Por eso, si se deja de ser desde la imaginación lectora, habrá que preguntarse quién leerá a quién. Si la urraca no cesa de elevar su vuelo en nuestra mirada, las sombras de los tordos que graznan en las copas de los árboles seguirán yéndose con ellas. Y es que la huida de la palabra se da como marasmo de ave, como posibilidad de ser desde la abundancia de la palabra «ser», como parvada de letras que emprenden el vuelo.
No hay otra posibilidad: el texto es una posibilidad más de «ser» y dejar-de-ser. Cada sujeto es sujeto de sí —siguiendo este hilo conductor—, cuando la palabra escrita es su lazarillo. La cuestión es saber (al menos imaginar) el grado de ceguera que le permita al lector seguir confiadamente a la palabra, dejando que lo guíe la voz de la campanilla.
Si el texto habla, si se mueve, si recorre nuestros sentidos, con él se va nuestra mirada: dejándose arrastrar por un silencio de huellas inciertas. Entonces | al contacto de la voz | todo aparece: las letras se encaminan hacia los márgenes: al final de las líneas, en el punto exacto en el que el vacío cobra mayor sentido (cuando no se sabe recuperar el camino en la siguiente línea, en el siguiente renglón). Después, casi al instante, el texto es otro texto; el primero ha muerto. El lector también es un cadáver. La realidad no hace ya más circunstancias efímeras o provisionales.
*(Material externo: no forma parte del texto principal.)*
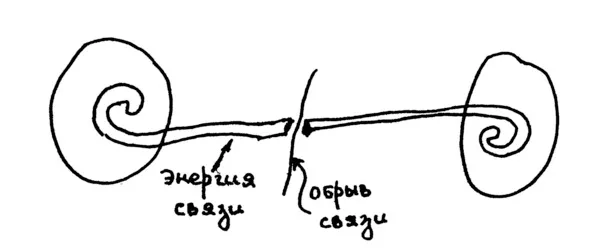 Если, например, развод происходит бессознательно на почве ссор и взаимных обвинений, то просто обрывается связь, но сама энергия связи осталась в каждом из бывших супругов (рис.12). Поэтому само состояние привязанности и готовности привязываться к другим так и осталось.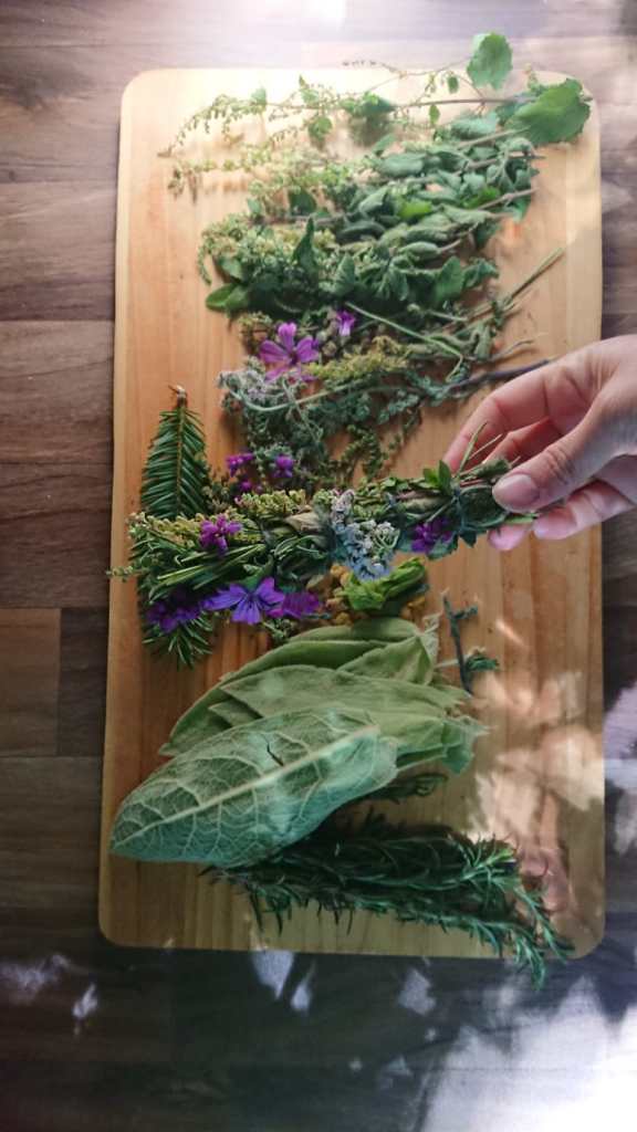 I gathered some flowering wood Sage, that was growing ferociously in a beautiful woodland. Combined with some ancient & magical wildflowers including Yarrow, Red Clover, Mallow flowers and Meadowsweet I wrapped them in a Mullein leaf and finished with flowering heather.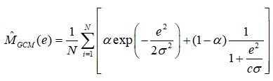 (1)为了克服传统单一高斯核函数MCC滤波器的局限性并提高滤波性能和灵活性,提出了一种新颖的GCM_MCCKF算法,该算法通过引入Gaussian-Cauchy混合核,显著增强了基于MCC滤波器在工业系统中应对重尾非高斯噪声的鲁棒性。与传统方法相比,此方法结合了Gaussian核与Cauchy核的优势,在提升噪声鲁棒性的同时提高了应用的灵活性。基于Gaussian-Cauchy混合核的相关熵代价函数构建如下: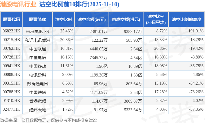 从沽空比例来看,香港电讯-SS、和记电讯香港、中国联通沽空比例位居行业前三,分别为25.46%、20.86%、16.81%。

El círculo se ha cerrado. Una vez más la multiplicidad se ha congregado, se ha subsumido en la comprensión no-apodíctica de las palabras. La literatura ha alzado su voz. Tiento es ser que descubre intenciones no descubiertas: circunspección in situ. Así, sin mayor preámbulo, desde el fondo del texto, surge un nuevo latido: la palabra «ser». Quizá en el fondo no sea más que una pausa en el recorrido de la página que ha irrumpido en las líneas difusas del vacío-de-voz. Alcestis ya tiene quien la siga. Solo es cuestión de preguntar por el vacío de uno mismo, por ese vacío que cae en la hoja cuando leemos.